▸ What to do: All lines in the records below from the line with "slide 1 of 1, RED" through the line with "McDonald - 2009" are to be given again exactly, both ends included; the pictures are to be left out.

▸ Data to examine:
+ + + + + + +

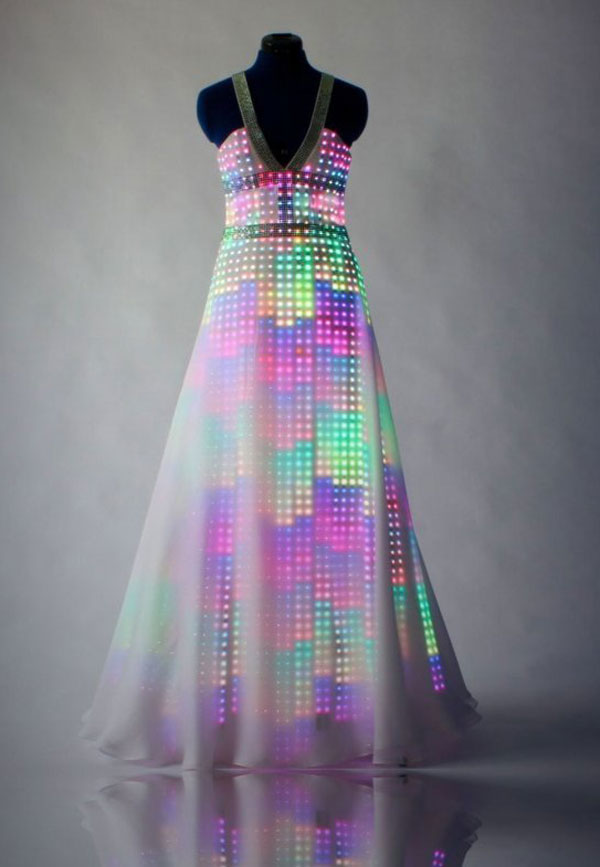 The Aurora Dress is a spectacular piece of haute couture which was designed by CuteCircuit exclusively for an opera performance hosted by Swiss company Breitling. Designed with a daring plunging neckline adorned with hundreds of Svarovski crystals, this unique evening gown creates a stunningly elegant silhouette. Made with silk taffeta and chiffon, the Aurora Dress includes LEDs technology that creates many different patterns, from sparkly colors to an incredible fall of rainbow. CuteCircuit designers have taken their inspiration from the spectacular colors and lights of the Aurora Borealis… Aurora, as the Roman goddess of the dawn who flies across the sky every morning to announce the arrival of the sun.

+ + + + + + +

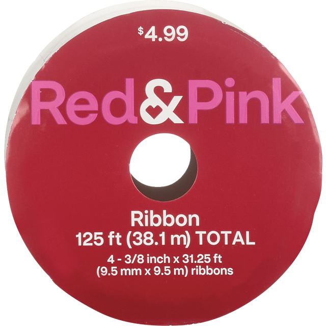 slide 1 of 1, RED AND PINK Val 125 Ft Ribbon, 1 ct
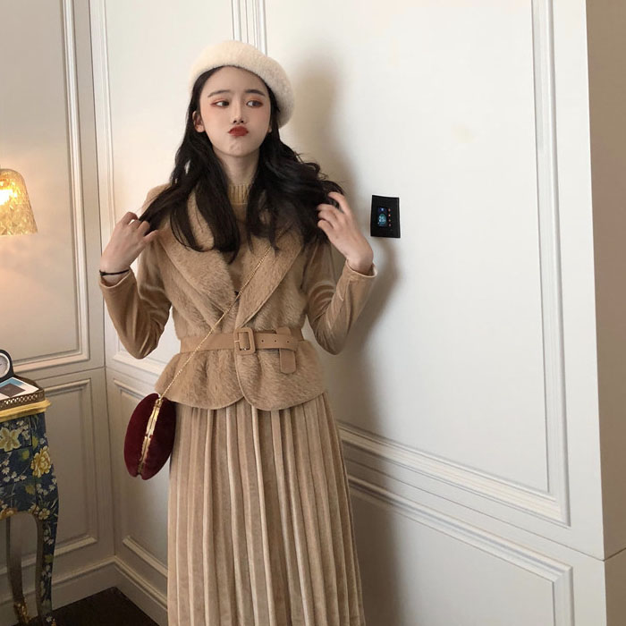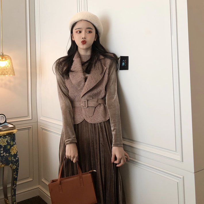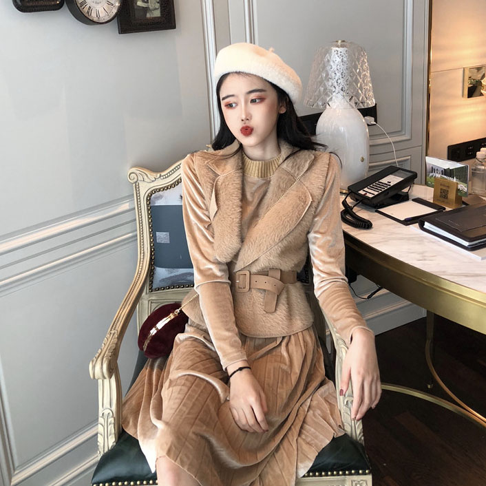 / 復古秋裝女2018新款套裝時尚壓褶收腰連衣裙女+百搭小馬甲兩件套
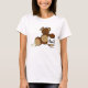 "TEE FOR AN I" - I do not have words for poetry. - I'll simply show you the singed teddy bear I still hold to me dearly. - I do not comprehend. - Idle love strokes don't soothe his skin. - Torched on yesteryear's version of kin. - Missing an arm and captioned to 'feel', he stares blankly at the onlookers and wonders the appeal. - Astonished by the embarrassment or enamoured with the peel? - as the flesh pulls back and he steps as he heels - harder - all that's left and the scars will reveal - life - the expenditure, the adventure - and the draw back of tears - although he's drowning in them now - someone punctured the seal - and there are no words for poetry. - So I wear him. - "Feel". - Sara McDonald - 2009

+ + + + + + +

▸ Result for this exercise:
 slide 1 of 1, RED AND PINK Val 125 Ft Ribbon, 1 ct
 / 復古秋裝女2018新款套裝時尚壓褶收腰連衣裙女+百搭小馬甲兩件套
 "TEE FOR AN I" - I do not have words for poetry. - I'll simply show you the singed teddy bear I still hold to me dearly. - I do not comprehend. - Idle love strokes don't soothe his skin. - Torched on yesteryear's version of kin. - Missing an arm and captioned to 'feel', he stares blankly at the onlookers and wonders the appeal. - Astonished by the embarrassment or enamoured with the peel? - as the flesh pulls back and he steps as he heels - harder - all that's left and the scars will reveal - life - the expenditure, the adventure - and the draw back of tears - although he's drowning in them now - someone punctured the seal - and there are no words for poetry. - So I wear him. - "Feel". - Sara McDonald - 2009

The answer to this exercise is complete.